**MATERIAL SHOWN:**
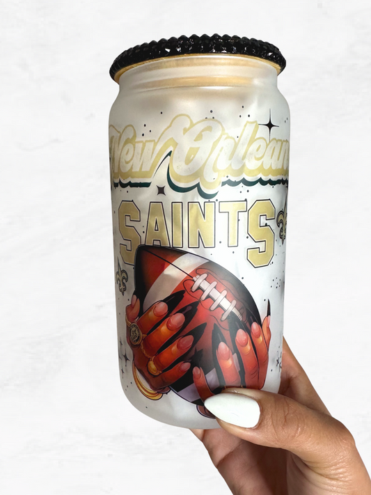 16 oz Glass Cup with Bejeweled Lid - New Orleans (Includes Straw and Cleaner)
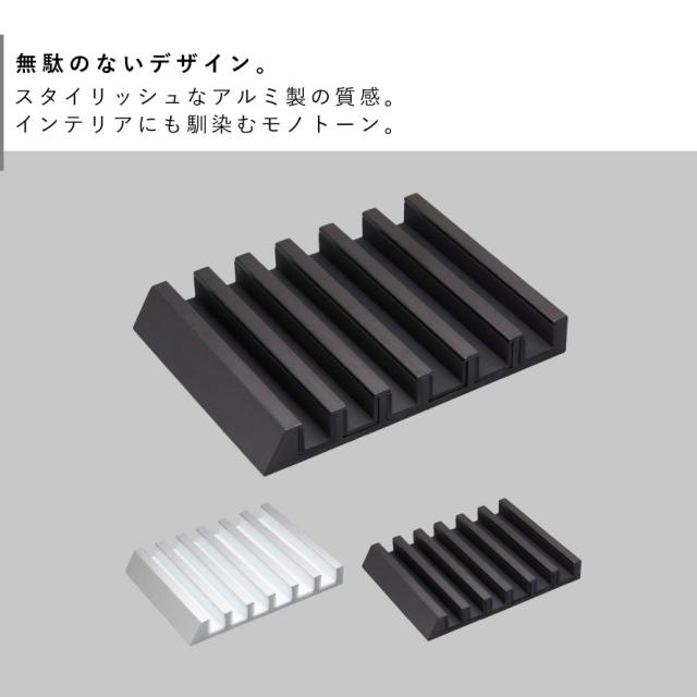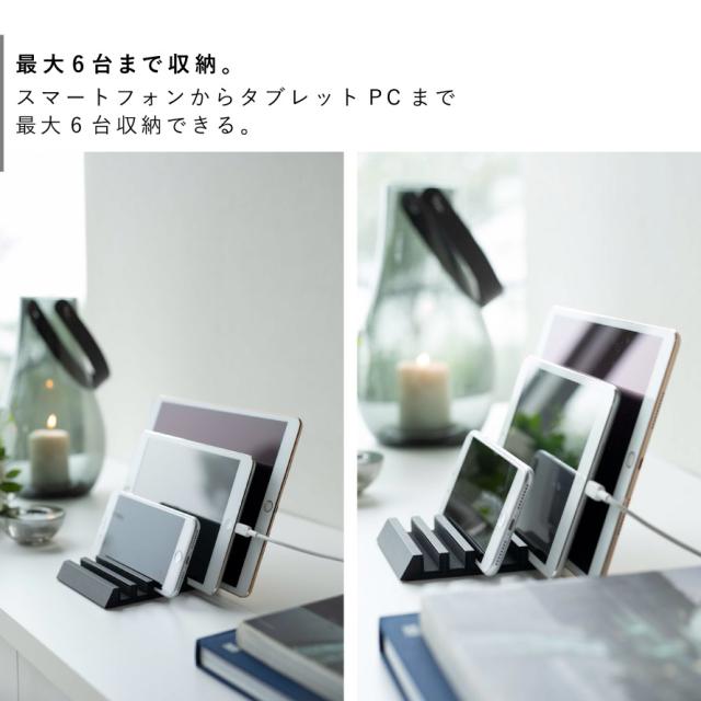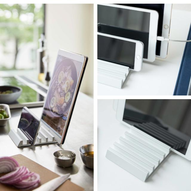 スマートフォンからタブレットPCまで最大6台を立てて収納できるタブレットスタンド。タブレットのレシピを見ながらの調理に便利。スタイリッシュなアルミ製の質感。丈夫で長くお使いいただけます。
--
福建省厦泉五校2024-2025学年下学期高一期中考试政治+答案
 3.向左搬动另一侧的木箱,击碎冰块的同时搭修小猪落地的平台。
* * *
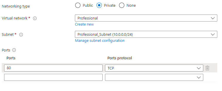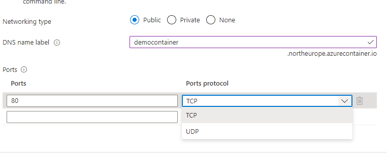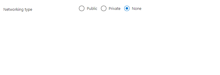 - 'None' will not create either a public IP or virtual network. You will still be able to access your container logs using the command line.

**WORK REQUEST:** Nothing but the lines above from the line with "16 oz Glass" up to and including the line with "スマートフォンからタブレット" should be returned, exactly as written and without pictures.

**EXERCISE OUTPUT:**
 16 oz Glass Cup with Bejeweled Lid - New Orleans (Includes Straw and Cleaner)
 スマートフォンからタブレットPCまで最大6台を立てて収納できるタブレットスタンド。タブレットのレシピを見ながらの調理に便利。スタイリッシュなアルミ製の質感。丈夫で長くお使いいただけます。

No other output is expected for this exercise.